Leyendo el intercambio entre Roberto Poveda y Anónimo-Ned Flanders a la entrada ¿promesas falsas?, recordé lo que Pierre Dokan Crépon explica acerca de la decimotercera hora. Por ello, gracias a los dos y disculpas solicitadas por la extensión del texto.

"En este teisho, voy a comentar una frase del maestro Dôgen. Apoyarse en las palabras del dharma –frases extraídas de los sutras, palabras de los maestros del zen– y dejar que se desarrollen es una buena forma de estudiar la Vía. Las máximas de los maestros son puntos de apoyo que nos permiten elevarnos. Son también puntos de anclaje que nos impiden perdernos. Cuando profundizamos en la práctica, de la misma manera que se establece intimidad con el zafu, con el cuenco, también se establece intimidad con las palabras de los maestros. Todo ello forma parte de la materia del dharma, incluso si no se puede decir que haya verdaderamente materia en el dharma.

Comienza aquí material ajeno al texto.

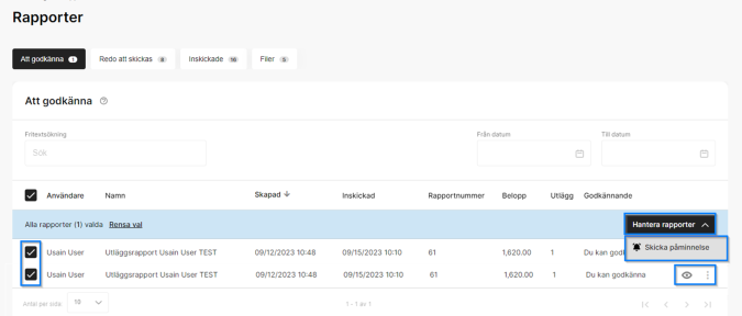 Om du vill skicka en påminnelse till godkännaren/godkännarna om att hantera rapporten så kan du markera rapporten/rapporterna och trycka på Hantera rapporter (som kommer att dyka upp i en blå meny högst upp i listan när du markerar rapporterna), klicka sedan på Skicka påminnelse i listan.

La frase que voy a comentar es de un texto del Shôbôgenzô de Dôgen titulado Hakujushi, que significa «el roble». Este texto gira en torno al maestro Joshu y trata, en particular, el famoso mondo en el que un monje le pregunta: «¿Por qué vino Bodhidarma al Oeste?» Y Joshu contesta: «Un roble delante del jardín.» Esta pregunta sobre la llegada de Bodhidharma se ha planteado a menudo y ha suscitado muchas respuestas. De cualquiera de las maneras la frase de la que voy a hablar está al final del texto y no está en relación directa con ese mondo. Para comprenderla es necesario explicar un aspecto cultural: en China y en Japón el día se divide tradicionalmente en 12 horas, en lugar de nuestras 24 horas. Cada hora, o cada período, está representado por un signo del zodiaco chino: tigre, buey, rata, conejo, etc. El día empieza por la hora de la rata que va de las 23h a la 1h, después la hora del buey, etc.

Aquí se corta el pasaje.